The Blair government did, of course, go on to appoint an independent pensions commission under Adair Turner, and to introduce legislation on its key finding in the form of auto-enrolment, which was subsequently implemented under the coalition government – a mere 15 years after the PPG was set up.
But what emerges from even a cursory read through the PPG's 26-year-old report – We All Need Pensions: The Prospects for Pension Provision – is a sense that so many of the challenges and issues it identifies remain today.
If we knew about the problems that were looming in the late 1990s, why has so little been done – at least in terms of public policy? Probably because ministers across the political spectrum have always been highly resistant to the idea of relinquishing any responsibility for policy to anyone else - regardless of their qualifications or expertise.
In one sense, that reluctance is understandable. Politicians are elected to devise and implement policies in the interests of their constituents. To hand that job over to the industry they have been elected to oversee could be seen as undemocratic - especially in an area like pensions, where billions of pounds of taxpayers' money is at stake.

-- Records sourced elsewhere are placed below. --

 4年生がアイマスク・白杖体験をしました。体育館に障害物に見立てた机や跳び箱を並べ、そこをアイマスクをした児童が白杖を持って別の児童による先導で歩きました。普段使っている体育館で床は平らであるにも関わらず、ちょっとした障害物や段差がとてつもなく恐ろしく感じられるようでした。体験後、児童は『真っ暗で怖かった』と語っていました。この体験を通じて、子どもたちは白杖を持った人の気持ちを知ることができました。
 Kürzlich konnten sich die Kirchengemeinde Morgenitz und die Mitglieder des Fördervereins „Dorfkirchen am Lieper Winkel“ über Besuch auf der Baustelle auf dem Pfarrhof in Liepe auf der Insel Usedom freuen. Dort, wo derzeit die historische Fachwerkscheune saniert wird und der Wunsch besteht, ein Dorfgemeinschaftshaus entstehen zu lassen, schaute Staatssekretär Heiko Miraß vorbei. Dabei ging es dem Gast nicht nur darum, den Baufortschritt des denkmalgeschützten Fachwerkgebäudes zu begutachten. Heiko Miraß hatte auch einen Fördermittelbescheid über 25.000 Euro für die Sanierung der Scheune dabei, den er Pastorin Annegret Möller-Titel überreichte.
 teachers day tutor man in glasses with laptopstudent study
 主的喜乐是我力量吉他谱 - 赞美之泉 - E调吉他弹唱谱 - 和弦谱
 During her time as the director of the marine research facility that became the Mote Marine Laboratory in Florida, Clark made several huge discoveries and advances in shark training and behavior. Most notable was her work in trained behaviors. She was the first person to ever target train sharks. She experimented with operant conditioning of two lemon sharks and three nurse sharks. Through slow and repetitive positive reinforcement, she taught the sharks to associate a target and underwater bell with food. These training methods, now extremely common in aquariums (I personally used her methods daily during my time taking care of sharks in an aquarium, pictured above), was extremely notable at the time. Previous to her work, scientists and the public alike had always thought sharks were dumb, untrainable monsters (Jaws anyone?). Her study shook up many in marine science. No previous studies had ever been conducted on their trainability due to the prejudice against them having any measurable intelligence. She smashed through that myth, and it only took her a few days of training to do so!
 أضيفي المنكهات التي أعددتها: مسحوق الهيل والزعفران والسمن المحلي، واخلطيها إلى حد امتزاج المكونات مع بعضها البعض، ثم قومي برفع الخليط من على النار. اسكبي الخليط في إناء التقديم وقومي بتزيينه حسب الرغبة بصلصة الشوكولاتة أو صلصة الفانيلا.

But in the early noughties, numerous voices, including the National Association of Pension Funds (now the Pensions and Lifetime Savings Association), Trades Union Congress, Age Concern and the Turner Commission itself, urged the creation of a permanent, independent pensions commission.
Such a body, made up of representatives of the pensions industry, employers, members, academia and the voluntary sector, would provide an ongoing assessment of the strengths and weaknesses of the pensions system. It would not have policy making powers, thereby addressing the concerns of those worried about democratic accountability. It would, however, report regularly to the government and where necessary make policy recommendations addressing the issues it has identified, and ministers would have to publish their response.
You probably wouldn't be surprised if I said that one of the other stated aims of the Pensions Review was to "review the current state of the pensions and retirement savings landscape… [and] to evaluate whether the current framework will deliver sustainable retirement incomes for individuals".
But that phrase doesn't appear in the Pensions Review. It's actually taken from Labour's Plan for Financial Services, published in January this year.
I have no quarrel with that idea. But if an organisation along the lines proposed over twenty years ago had been set up at the time, such a review would be unnecessary. We would have had an ongoing vehicle for reviewing the retirement savings landscape throughout the last two decades, and effective, well-thought-out policy could have been implemented on the back of it.
The philosopher George Santayana famously observed that "those who cannot remember the past are condemned to repeat it". He probably didn't have the UK pensions system in mind, but whoever holds responsibility for pensions policy in the coming years would do well to heed his warning.